* **Extracted information**
□ □ □ □ □
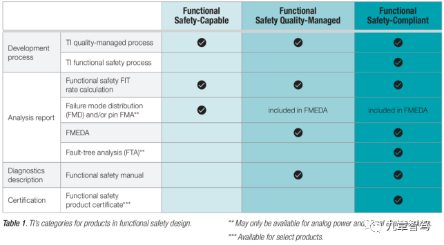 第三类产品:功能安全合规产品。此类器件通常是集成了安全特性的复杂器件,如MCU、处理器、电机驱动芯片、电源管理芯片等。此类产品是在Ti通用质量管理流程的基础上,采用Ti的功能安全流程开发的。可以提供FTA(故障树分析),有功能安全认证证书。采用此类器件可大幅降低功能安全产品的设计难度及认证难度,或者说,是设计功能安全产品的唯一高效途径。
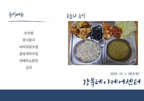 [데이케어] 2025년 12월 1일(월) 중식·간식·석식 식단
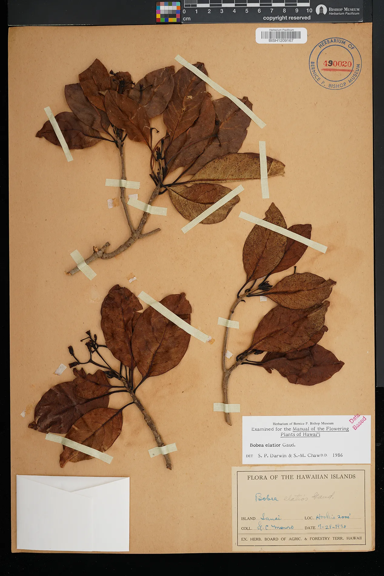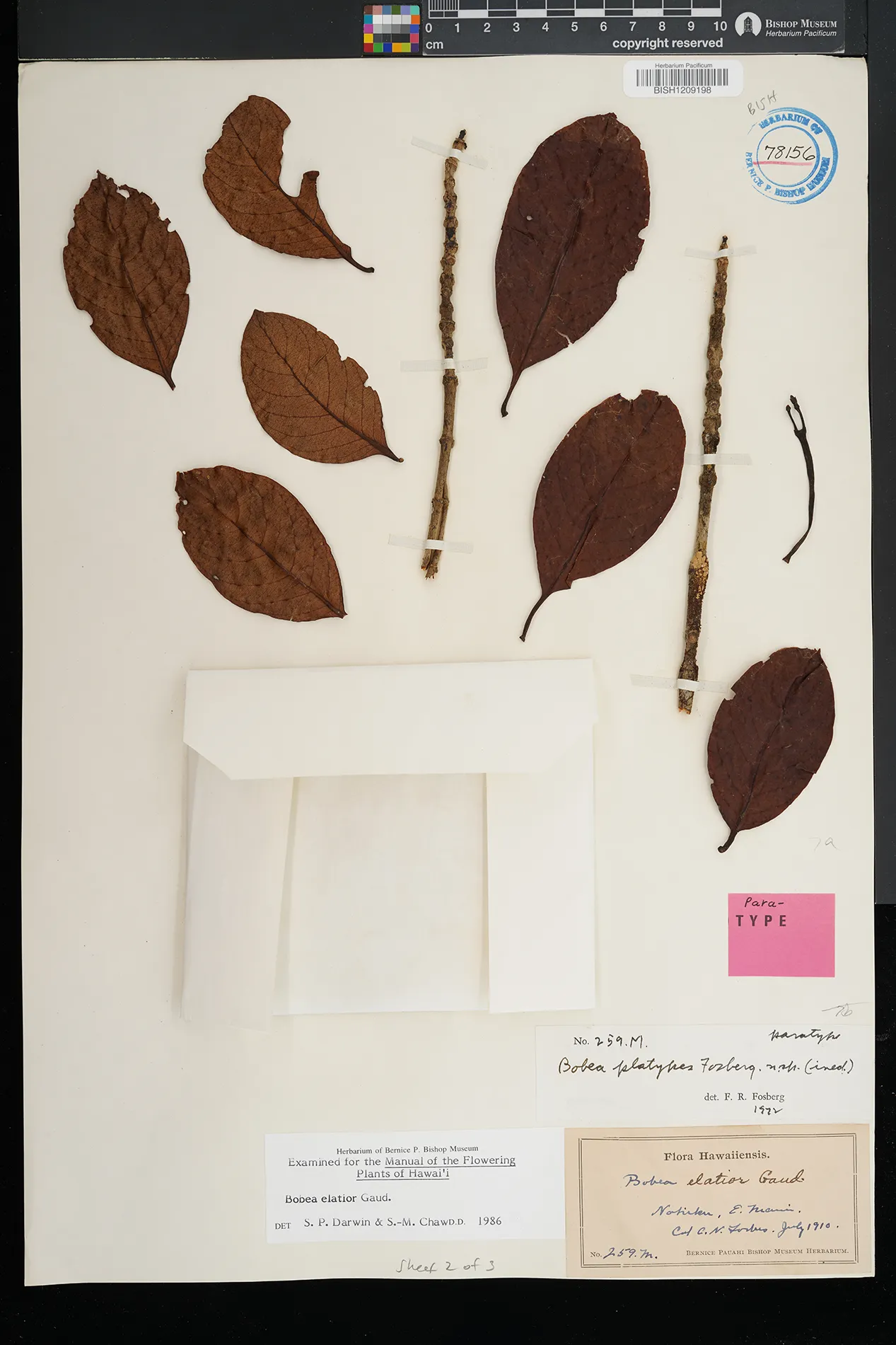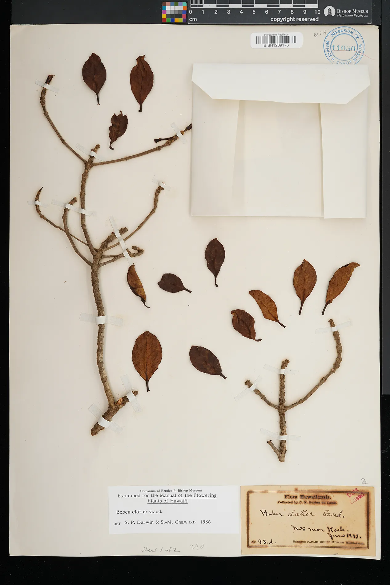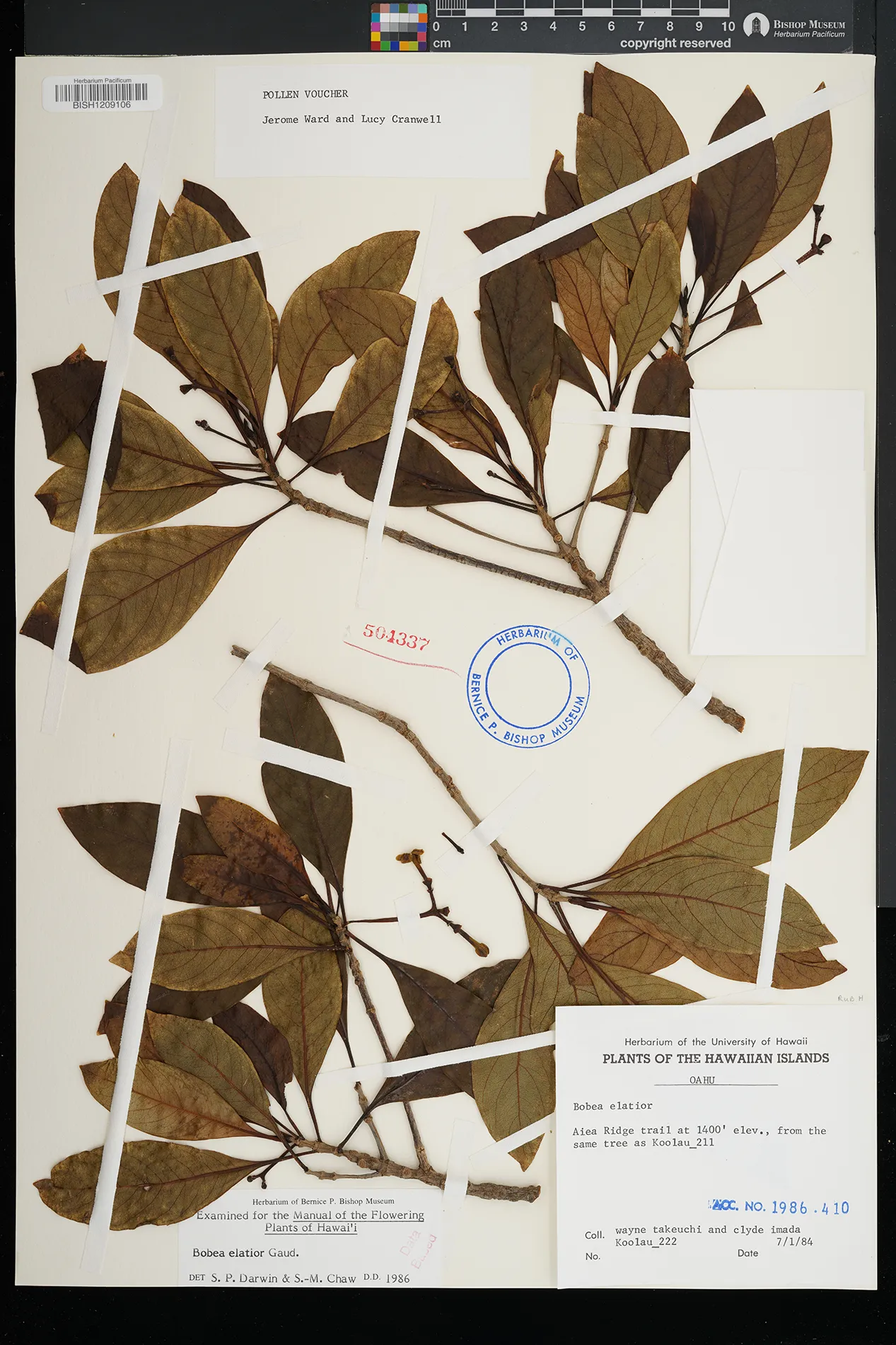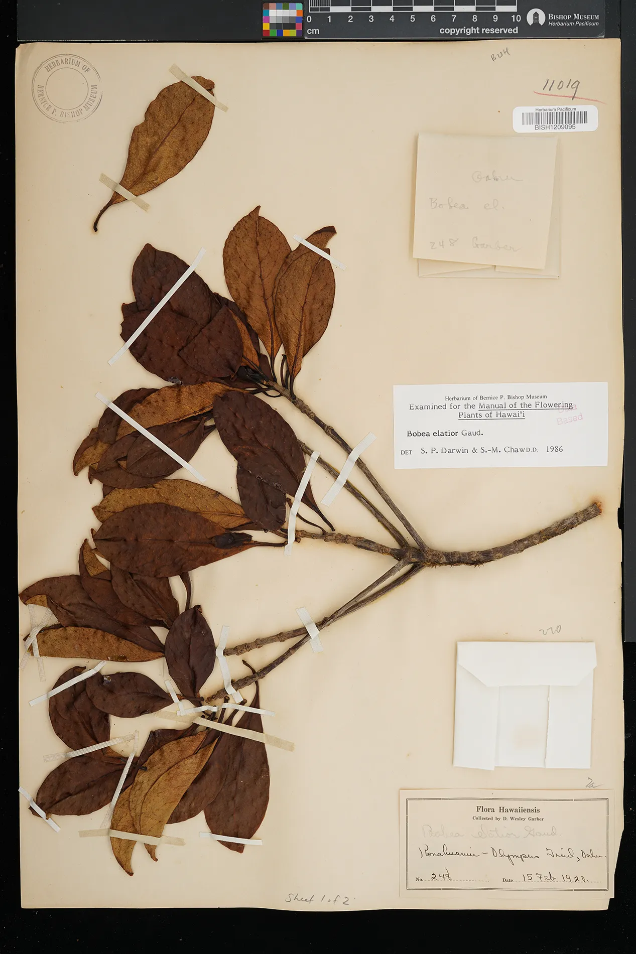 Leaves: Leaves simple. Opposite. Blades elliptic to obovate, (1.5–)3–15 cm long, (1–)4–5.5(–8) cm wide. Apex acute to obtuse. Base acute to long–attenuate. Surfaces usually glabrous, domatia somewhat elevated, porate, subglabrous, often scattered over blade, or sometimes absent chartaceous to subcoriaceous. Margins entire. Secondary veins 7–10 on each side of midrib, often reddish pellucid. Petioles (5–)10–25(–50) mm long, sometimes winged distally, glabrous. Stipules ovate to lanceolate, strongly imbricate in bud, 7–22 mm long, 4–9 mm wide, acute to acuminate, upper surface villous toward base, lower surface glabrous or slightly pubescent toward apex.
□ □ □ □ □
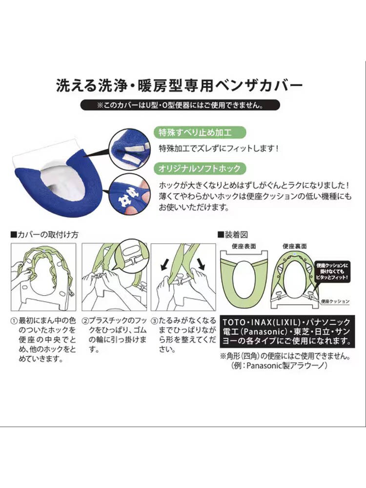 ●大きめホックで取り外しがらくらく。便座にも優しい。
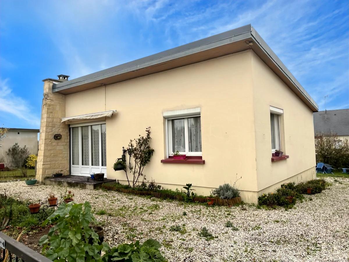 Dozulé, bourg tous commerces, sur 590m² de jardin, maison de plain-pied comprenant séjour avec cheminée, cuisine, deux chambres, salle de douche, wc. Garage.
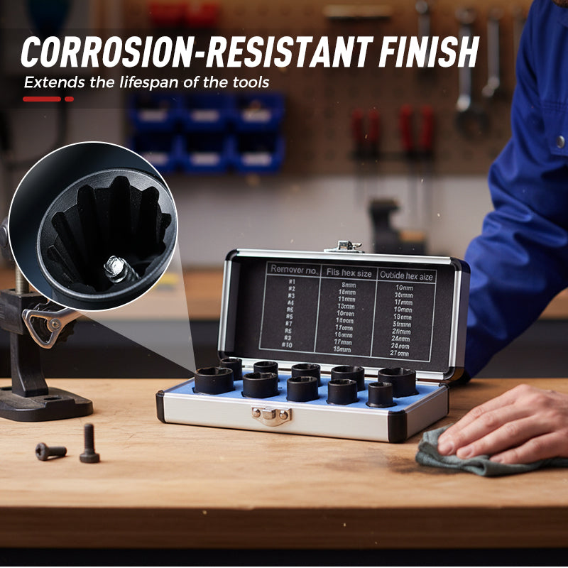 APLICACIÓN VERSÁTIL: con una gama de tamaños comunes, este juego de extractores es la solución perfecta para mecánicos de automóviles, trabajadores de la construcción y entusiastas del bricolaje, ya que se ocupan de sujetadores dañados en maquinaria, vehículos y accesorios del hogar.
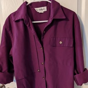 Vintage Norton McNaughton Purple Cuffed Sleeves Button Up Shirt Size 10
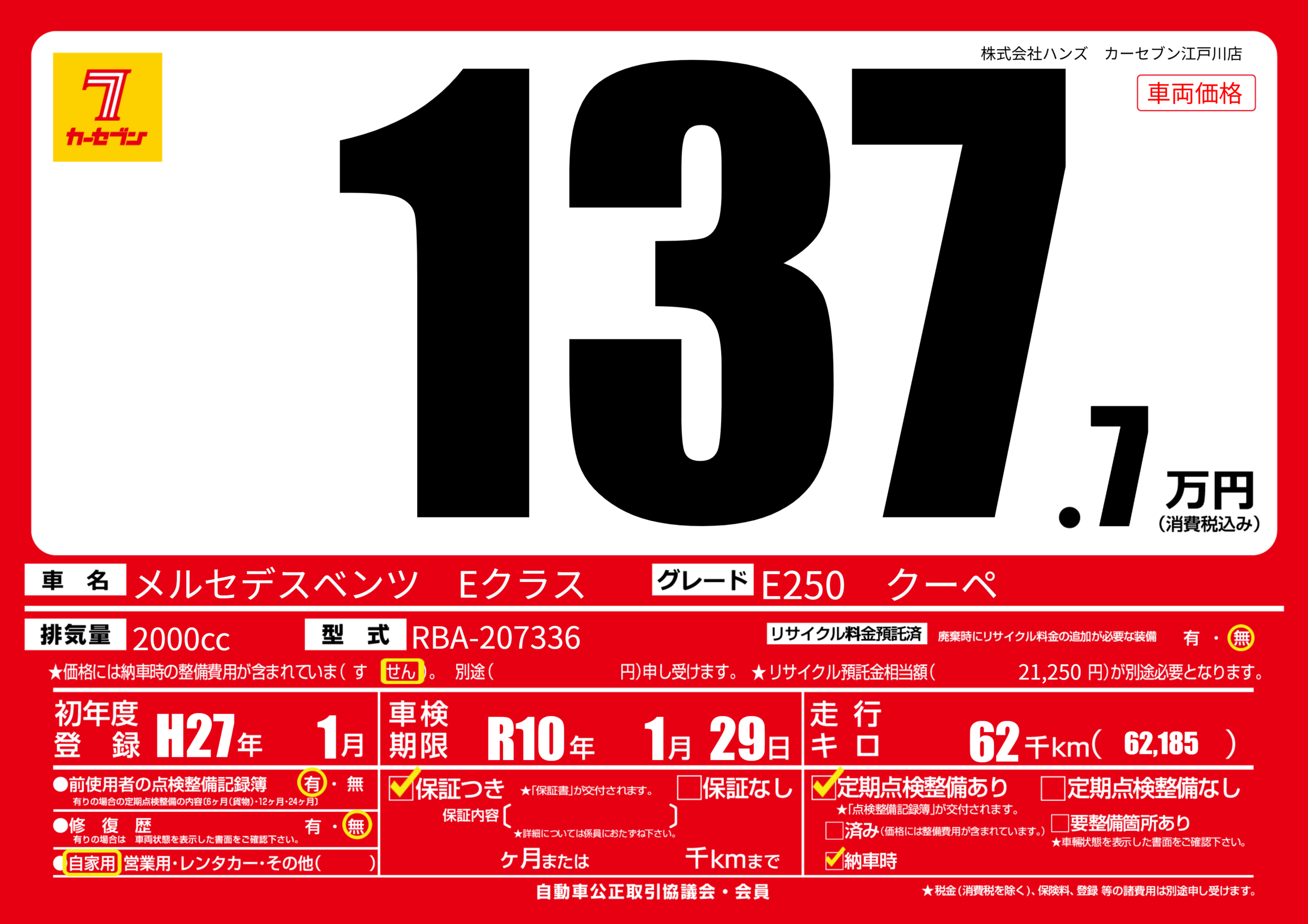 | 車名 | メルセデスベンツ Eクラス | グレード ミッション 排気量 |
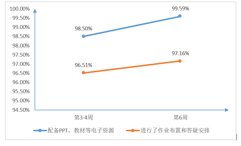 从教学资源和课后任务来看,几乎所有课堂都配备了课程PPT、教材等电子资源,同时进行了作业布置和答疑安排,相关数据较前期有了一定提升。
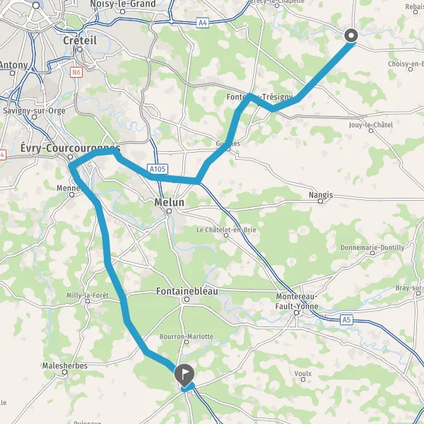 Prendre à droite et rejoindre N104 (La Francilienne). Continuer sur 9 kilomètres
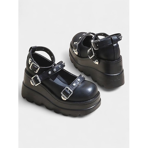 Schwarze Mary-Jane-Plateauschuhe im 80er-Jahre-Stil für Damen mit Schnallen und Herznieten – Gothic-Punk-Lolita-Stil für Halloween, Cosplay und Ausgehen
□ □ □ □ □
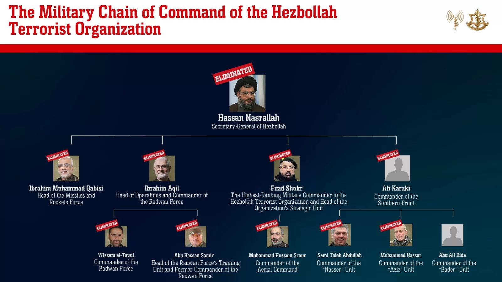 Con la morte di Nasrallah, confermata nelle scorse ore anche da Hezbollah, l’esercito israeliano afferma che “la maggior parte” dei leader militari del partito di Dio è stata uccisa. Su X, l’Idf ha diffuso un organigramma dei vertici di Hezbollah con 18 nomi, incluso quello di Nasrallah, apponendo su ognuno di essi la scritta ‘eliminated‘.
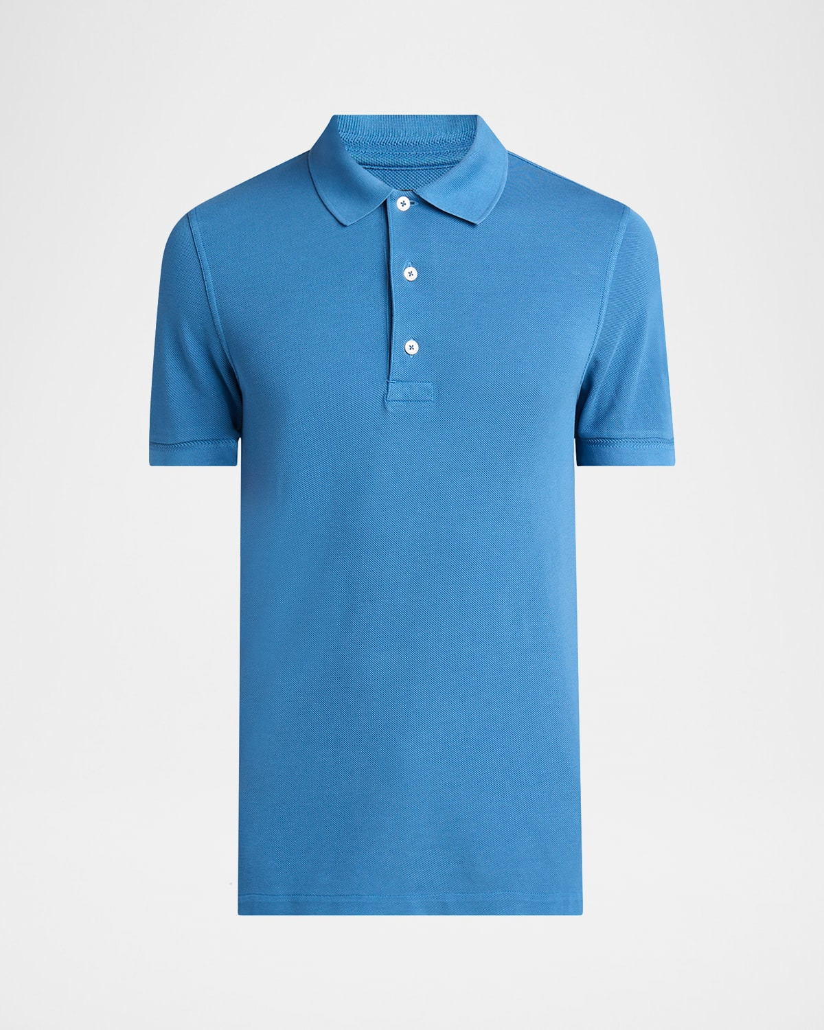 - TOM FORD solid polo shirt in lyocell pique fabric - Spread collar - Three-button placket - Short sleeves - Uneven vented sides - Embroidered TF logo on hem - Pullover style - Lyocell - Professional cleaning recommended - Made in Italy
□ □ □ □ □
* **Task objective**
From the records above, return exactly the lines running from the one that contains "Vintage Norton McNaughton" down to the one that contains "Schwarze Mary-Jane-Plateauschuhe im", both included, without any pictures.

* **Output**
 Vintage Norton McNaughton Purple Cuffed Sleeves Button Up Shirt Size 10
 | 車名 | メルセデスベンツ Eクラス | グレード ミッション 排気量 |
 从教学资源和课后任务来看,几乎所有课堂都配备了课程PPT、教材等电子资源,同时进行了作业布置和答疑安排,相关数据较前期有了一定提升。
 Prendre à droite et rejoindre N104 (La Francilienne). Continuer sur 9 kilomètres
 Schwarze Mary-Jane-Plateauschuhe im 80er-Jahre-Stil für Damen mit Schnallen und Herznieten – Gothic-Punk-Lolita-Stil für Halloween, Cosplay und Ausgehen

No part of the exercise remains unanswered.